Крестьян больше всего волновало, что у них отберут землю – самую большую ценность. Вполне возможно, что слухи об этом распространяли не без ведома Императора. И хотя орден Почетного легиона сохранился, но трехцветное боевое знамя было заменено на белое королевское. Естественно, у заслуженных ветеранов Великой армии все это вызвало неудовольствие. Батальон старой гвардии, те самые «старые ворчуны», скучал на Эльбе, но был готов в любой момент выполнить приказ Императора, в груди которого билось беспокойное сердце, а размышления сводились к одному – он должен найти достойный ответ превратностям судьбы.
Но сводилось все к тому, что он неизбежно будет воевать. Впрочем, он и не представлял себе иной жизни.
* * *
Париж. 2009 год.
– Ребята, а у меня же для вас специальный подарок! – загадочно улыбнулся Володя и полез в свою сумку. Правда, сначала он достал пластмассовую коробку, в которой была масса самых разнообразных таблеток и в обычных блистерах, и в пластмассовых баночках. К счастью, там не было ампул и шприцев – этих сигналов о серьезности положения.
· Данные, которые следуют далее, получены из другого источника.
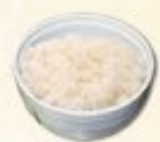
58. Meshi Witte rijst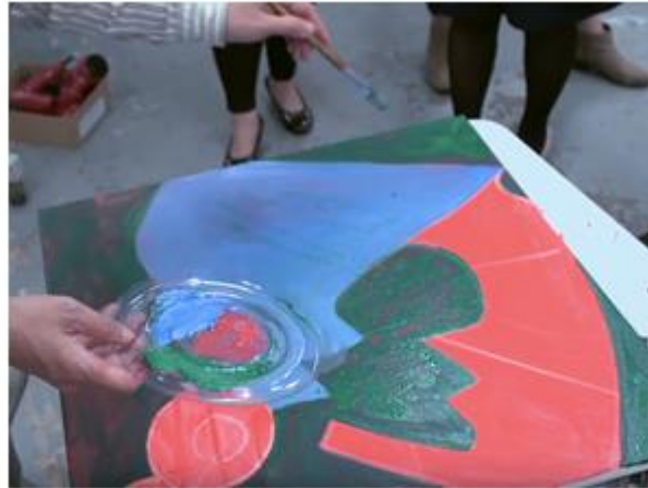
13. 可用水調稀顏料，增加透明感。

Наконец он извлек толстенную книгу.
– Помните, как во времена Советского Союза говорили – книга лучший подарок? Вот мне это и засело в голову на все времена. А так как я хочу, чтобы вы ели с удовольствием и вкусно, то дарю вам вот это!
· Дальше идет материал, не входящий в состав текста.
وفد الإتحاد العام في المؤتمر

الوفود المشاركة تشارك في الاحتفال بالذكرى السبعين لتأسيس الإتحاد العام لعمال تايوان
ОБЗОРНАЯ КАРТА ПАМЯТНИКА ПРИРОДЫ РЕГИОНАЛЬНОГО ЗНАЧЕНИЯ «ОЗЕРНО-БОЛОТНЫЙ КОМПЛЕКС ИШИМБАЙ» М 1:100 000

На обложке был портрет Александра Дюма, репродукция, вероятнее всего, какой-то французской картины и вытисненное золотом название – «Большой кулинарный словарь».
– Супер! – оценил книгу Николай. – Я еще два года назад слышал от отца, что его коллега по министерству работает над гениальным кулинарным произведением Дюма. И вот – такой подарок! Знаешь, Вова, а ведь книга действительно – лучший подарок. Особенно такая.
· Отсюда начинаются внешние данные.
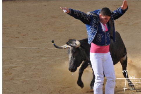
La ganaderia Aiguillon dans les arènes vicoises dimanche !

A l'occasion des fêtes de la Saint Matthieu, les arènes Joseph Fourniol accueilleront une course landaise et des jeux taurins dimanche 17 septembre à 17 h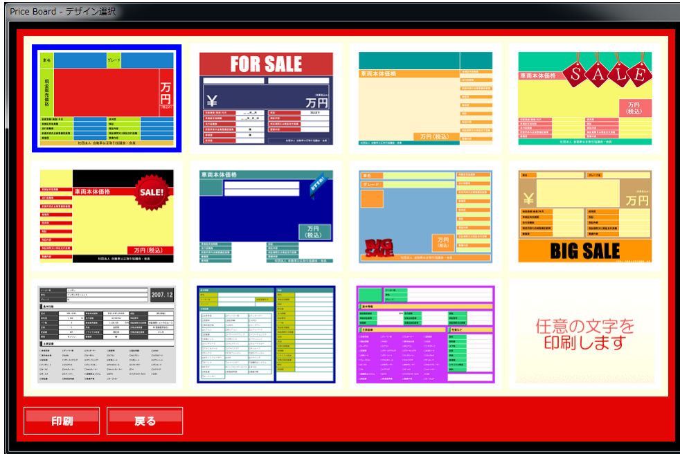
「 プライスボード テンプレート 」のデザイン選択画面

印刷したいプライスボードのデザインを選択し、画面左下の「印刷」ボタンをクリックします。メイン画面の「頁設定」ボタンより指定したプリンタに、選択したデザインのプライスボードが印刷されます。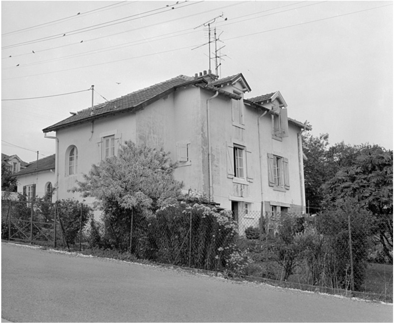
Maison jumelée rue des Fondeurs : façade postérieure.SRI. Enquête régionale sur les bâtiments industriels (1979-1981).

– Если вы рассчитываете, что я буду каждый день жить по этой книге, то ошибаетесь! – возмутилась Анна. – Мы, фехтовальщики, ценим Дюма за романтизм. За Атоса, Портоса, Арамиса и Д’Артаньяна. Хотя вкусно поесть, честно признаюсь, я совсем не против.
– Я вот уже перелистал пару страниц и сразу нашел, что один из лучших фехтовальщиков Франции, а заодно и королевский шут – дворянин, блестяще образованный, остроумный, был также любителем хорошо поесть, а заодно и большим знатоком кулинарии, – вступился за друга Николай.
– И теперь я должна устремиться на кухню к плите? – с некоторым вызовом возразила Анна.
– Ребята, ребята, брейк! Конечно, нет! – сразу же откликнулся Володя. – Но все-таки перелистай несколько страниц, вдруг на тебя снизойдет кулинарное вдохновение? А иначе отправимся в ресторан.
Николай наугад еще раз открыл толстенный том и сразу попал на букву «О».
– Вот! Обед. Читаю: «Ежедневное основополагающее действо, достойно осуществить которое могут только просвещенные люди, – начал он декламировать с явным удовольствием. – Поскольку за обедом недостаточно просто поглощать пищу, необходимо еще и вести веселую, искреннюю и непринужденную беседу».
– Классик, он и есть классик! – восхитился Володя.
«Беседа должна искриться вместе с рубинами сладких вин, обретать пленительное очарование вместе со сладкими десертами и достигать глубины за кофе», – продолжил чтение Николай.
– Все, завтра идем в ресторан, не будем Аню терроризировать! – изрек приговор Володя.
* * *
Париж-Цюрих. 2009 год.
Но на завтра, и на следующий день в ресторан они так и не выбрались. Николая срочно вызвали в Швейцарию, в ЦЕРН.
В аэропорт он приехал загодя. В ожидании посадки, до которой оставалось почти полтора часа, решил выпить кофе. Неподалеку за двумя сдвинутыми столами расположилась шумная компания рослых парней. Как ему показалось, соотечественников. Так оно и оказалось. Наши баскетболисты ждали посадки на рейс до Копенгагена. Главным рассказчиком у них выступал то ли менеджер, то ли доктор команды. Те, кто постарше, называли его Валера, кто был моложе – Валерий Николаевич. Валера улыбался, вспоминая поездки команды в семидесятые годы, когда и сам был молод, и порядки были иными.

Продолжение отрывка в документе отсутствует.